## What the task asks:
Among the entries that follow, the required portion opens with the line containing "ISEE волосы индийские" and closes with the line containing "For the purpose". Give that portion again exactly, and nothing else.

## Task data:
########################################

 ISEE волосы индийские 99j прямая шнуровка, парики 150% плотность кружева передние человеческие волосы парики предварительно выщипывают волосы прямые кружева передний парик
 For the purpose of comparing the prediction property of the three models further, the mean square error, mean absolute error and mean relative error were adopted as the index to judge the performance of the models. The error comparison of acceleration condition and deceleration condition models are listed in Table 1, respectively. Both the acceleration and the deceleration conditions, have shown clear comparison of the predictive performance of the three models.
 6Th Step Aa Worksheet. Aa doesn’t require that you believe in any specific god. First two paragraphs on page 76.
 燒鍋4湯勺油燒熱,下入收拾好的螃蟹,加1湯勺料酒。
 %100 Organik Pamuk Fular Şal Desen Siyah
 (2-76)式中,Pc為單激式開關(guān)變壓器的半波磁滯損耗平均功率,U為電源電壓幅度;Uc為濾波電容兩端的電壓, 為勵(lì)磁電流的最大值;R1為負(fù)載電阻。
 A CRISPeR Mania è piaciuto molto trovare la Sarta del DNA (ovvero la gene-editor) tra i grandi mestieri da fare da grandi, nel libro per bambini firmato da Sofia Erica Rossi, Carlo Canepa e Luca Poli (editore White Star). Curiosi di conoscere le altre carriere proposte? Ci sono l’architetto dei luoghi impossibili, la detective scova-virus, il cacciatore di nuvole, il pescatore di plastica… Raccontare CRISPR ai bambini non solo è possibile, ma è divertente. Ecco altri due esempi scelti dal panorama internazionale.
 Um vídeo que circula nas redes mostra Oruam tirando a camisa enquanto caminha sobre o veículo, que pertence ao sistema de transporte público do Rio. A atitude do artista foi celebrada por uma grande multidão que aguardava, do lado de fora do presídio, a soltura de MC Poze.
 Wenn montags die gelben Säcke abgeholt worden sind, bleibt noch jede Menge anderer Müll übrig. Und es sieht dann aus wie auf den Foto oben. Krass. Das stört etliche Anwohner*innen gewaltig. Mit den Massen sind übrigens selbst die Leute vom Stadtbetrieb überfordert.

########################################

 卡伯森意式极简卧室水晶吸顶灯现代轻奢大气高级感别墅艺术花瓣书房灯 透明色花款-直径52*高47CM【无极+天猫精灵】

########################################

## Solution for this exercise:
 ISEE волосы индийские 99j прямая шнуровка, парики 150% плотность кружева передние человеческие волосы парики предварительно выщипывают волосы прямые кружева передний парик
 For the purpose of comparing the prediction property of the three models further, the mean square error, mean absolute error and mean relative error were adopted as the index to judge the performance of the models. The error comparison of acceleration condition and deceleration condition models are listed in Table 1, respectively. Both the acceleration and the deceleration conditions, have shown clear comparison of the predictive performance of the three models.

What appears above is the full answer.